Copy out the records precisely, omitting pictures.

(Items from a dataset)
━━━━━━━━━━━━━━━━━━━━━━━━━━━━━━

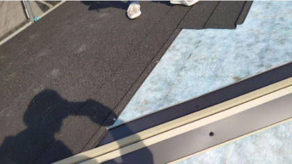 次に防水シートを丁寧に張り、新しい屋根材を重ねて固定。
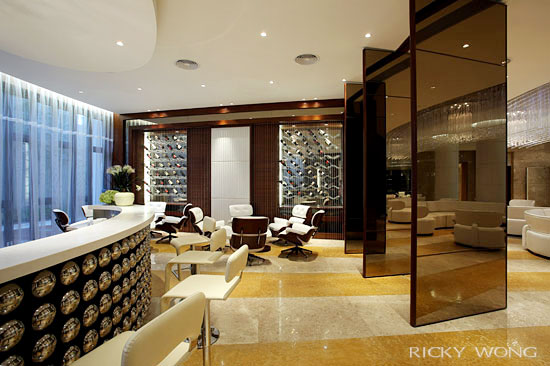私密的紅酒雪茄房,在旋轉門開啟后,變身為與大堂連通的水吧。
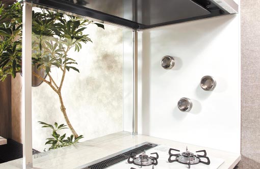 ガラスの美しさと鉄の強さを併せ持つ、高品位ホーローキッチンパネルを採用。サッと拭くだけで簡単にお手入れができます。また、スタイリッシュなガラスのオイルガードも採用。
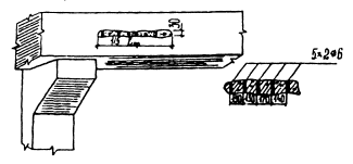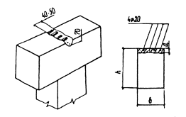Поперечная арматура у опор Размеры заготовок обусловливаются количеством и размерами подлежащих изготовлению образцов, а также возможностью вырезки стержней арматуры из железобетонного элемента без ущерба для его несущей способности. Выбор мест вырезки заготовок и их количество намечаются исходя из результатов вскрытий арматуры. Для того чтобы не ослабить элемент вырезкой заготовки, стержень арматуры, из которого вырезается заготовка, необходимо усилить согласно рис. 6.
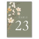 Sage Grönt Wildblomme Bröllop Bordsnummer Card har en mjuk, elegant stil med en muterad bakgrund av grönten som känner sig lugn och tidlös. Fintvätt av vit blommigt längs den lämnat sidan ger en liten aning stollig och naturinspirerad charm. Utformningen är ren och välorganiserad. På det hela taget känns utformningen romantisk men underskattad, perfekt för ett modernt men traditionellt bröllop. Se Matchande bröllopsinbjudan.
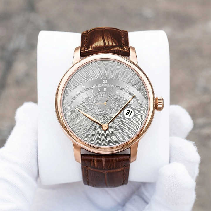 Montres automatiques rétrogrades de luxe personnalisées OEM ODM avec logo de marque, cadran guilloché, date et verre saphir

━━━━━━━━━━━━━━━━━━━━━━━━━━━━━━

#### RESPONSE
 次に防水シートを丁寧に張り、新しい屋根材を重ねて固定。
私密的紅酒雪茄房,在旋轉門開啟后,變身為與大堂連通的水吧。
 ガラスの美しさと鉄の強さを併せ持つ、高品位ホーローキッチンパネルを採用。サッと拭くだけで簡単にお手入れができます。また、スタイリッシュなガラスのオイルガードも採用。
Поперечная арматура у опор Размеры заготовок обусловливаются количеством и размерами подлежащих изготовлению образцов, а также возможностью вырезки стержней арматуры из железобетонного элемента без ущерба для его несущей способности. Выбор мест вырезки заготовок и их количество намечаются исходя из результатов вскрытий арматуры. Для того чтобы не ослабить элемент вырезкой заготовки, стержень арматуры, из которого вырезается заготовка, необходимо усилить согласно рис. 6.
 Sage Grönt Wildblomme Bröllop Bordsnummer Card har en mjuk, elegant stil med en muterad bakgrund av grönten som känner sig lugn och tidlös. Fintvätt av vit blommigt längs den lämnat sidan ger en liten aning stollig och naturinspirerad charm. Utformningen är ren och välorganiserad. På det hela taget känns utformningen romantisk men underskattad, perfekt för ett modernt men traditionellt bröllop. Se Matchande bröllopsinbjudan.
 Montres automatiques rétrogrades de luxe personnalisées OEM ODM avec logo de marque, cadran guilloché, date et verre saphir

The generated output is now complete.